===== Dataset excerpt =====

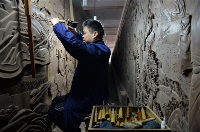 選擇木雕工匠時,專家團隊也四處比較,“一開始我推薦湖南衡陽的工匠,但比較之后發現,做工不如東陽木工那么細!鼻皫滋欤鬂h中再次來到工廠,參觀了主體工程已經完成的巨制,這些高浮雕作品,人物栩栩如生,一些人物的耳環還能夠拉動,這些細節讓他贊不絕口, “工匠們對白描畫進行了再創造,將自己的想法融入了進去!弊屪鬂h中感動的是,這些匠人在收到畫稿后,還會用電腦去搜索實物,“在雕刻木塔時,工匠們就通過照片來進行校正,對比之后,最終保證雕刻的質量”。
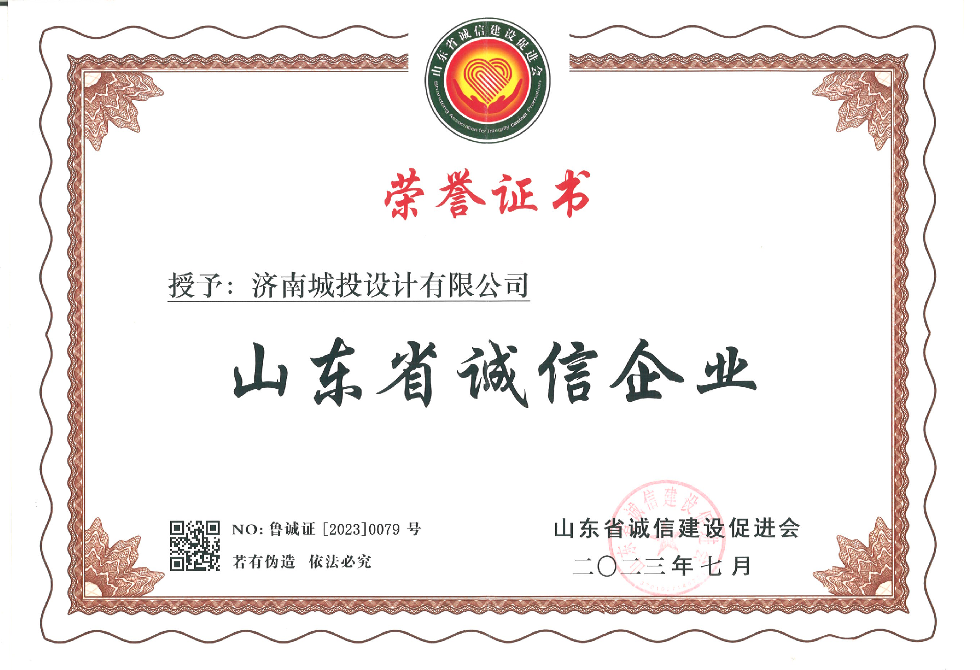多年來(lái),濟(jì)南城投設(shè)計(jì)有限公司以“為生態(tài)更文明,讓生活更美好”為企業(yè)使命,積極踐行“知行合一,為人民服務(wù)”的企業(yè)核心價(jià)值觀……將誠(chéng)信品質(zhì)深深融入到公司的企業(yè)文化和生產(chǎn)經(jīng)營(yíng)中,塑造了良好的企業(yè)形象,樹(shù)立了良好的社會(huì)聲譽(yù)。
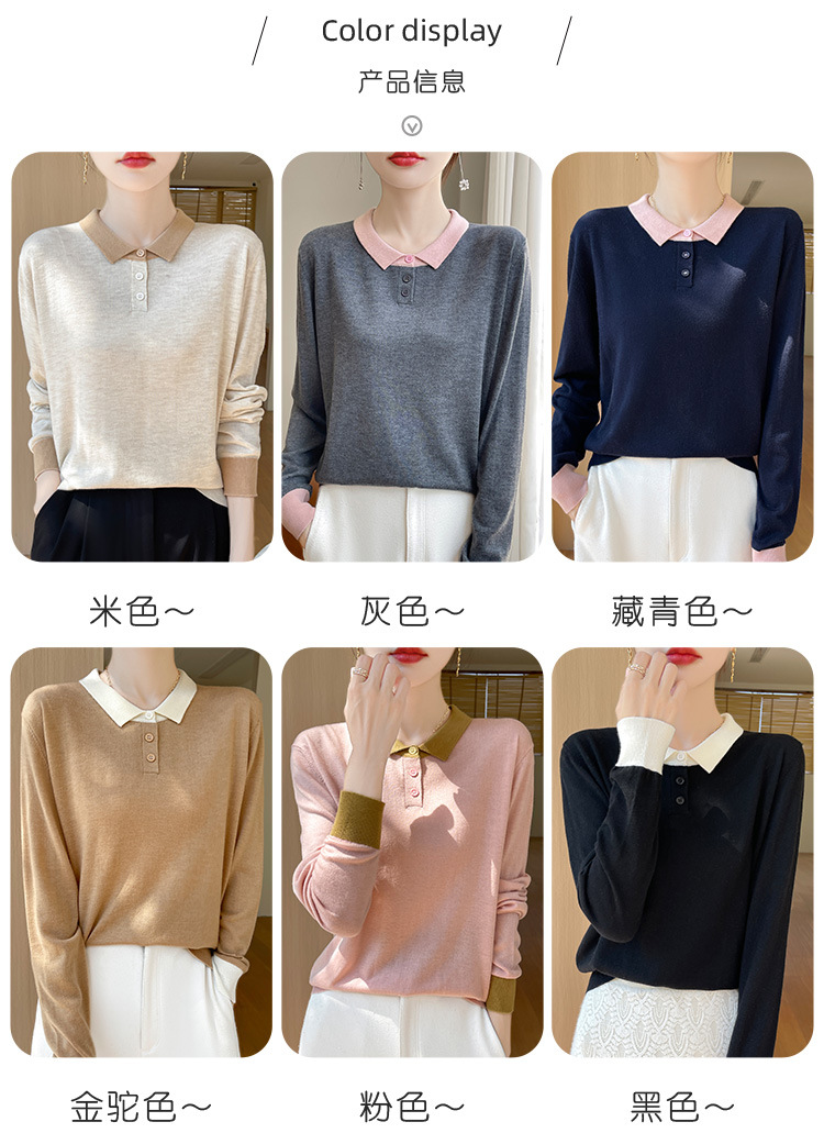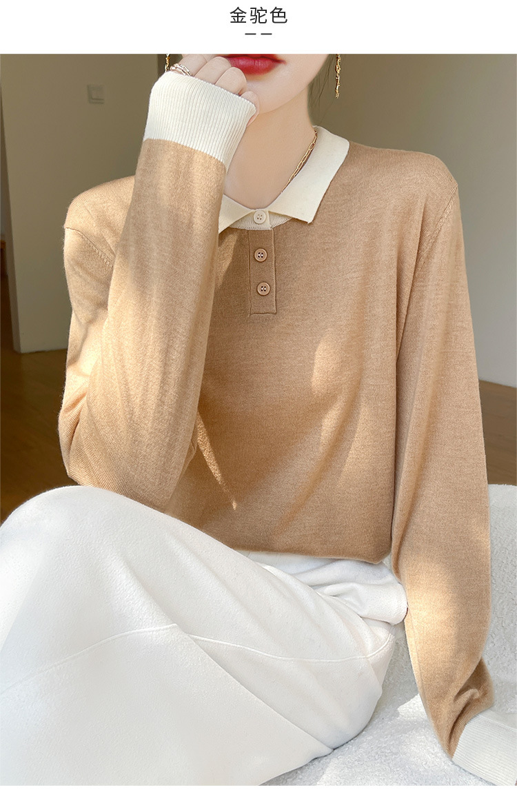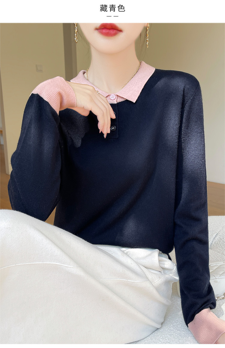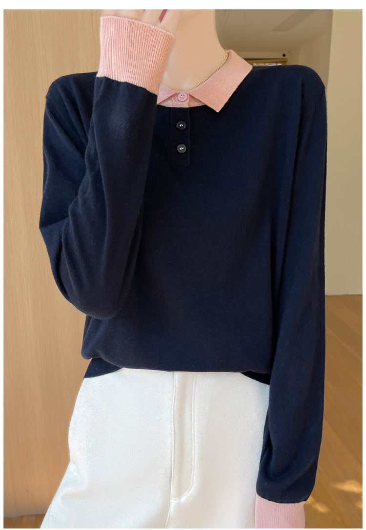Colorblock POLO 칼라 니트 긴팔 티셔츠 여성용 서양식 연령 감소 콘트라스트 컬러 루즈베이스 탑 초가을 얇은 스웨터스토어 가기

=====

_Problem to work on_
Hand back the data above exactly, with no images.

_Task answer_
 選擇木雕工匠時,專家團隊也四處比較,“一開始我推薦湖南衡陽的工匠,但比較之后發現,做工不如東陽木工那么細!鼻皫滋欤鬂h中再次來到工廠,參觀了主體工程已經完成的巨制,這些高浮雕作品,人物栩栩如生,一些人物的耳環還能夠拉動,這些細節讓他贊不絕口, “工匠們對白描畫進行了再創造,將自己的想法融入了進去!弊屪鬂h中感動的是,這些匠人在收到畫稿后,還會用電腦去搜索實物,“在雕刻木塔時,工匠們就通過照片來進行校正,對比之后,最終保證雕刻的質量”。
多年來(lái),濟(jì)南城投設(shè)計(jì)有限公司以“為生態(tài)更文明,讓生活更美好”為企業(yè)使命,積極踐行“知行合一,為人民服務(wù)”的企業(yè)核心價(jià)值觀……將誠(chéng)信品質(zhì)深深融入到公司的企業(yè)文化和生產(chǎn)經(jīng)營(yíng)中,塑造了良好的企業(yè)形象,樹(shù)立了良好的社會(huì)聲譽(yù)。
Colorblock POLO 칼라 니트 긴팔 티셔츠 여성용 서양식 연령 감소 콘트라스트 컬러 루즈베이스 탑 초가을 얇은 스웨터스토어 가기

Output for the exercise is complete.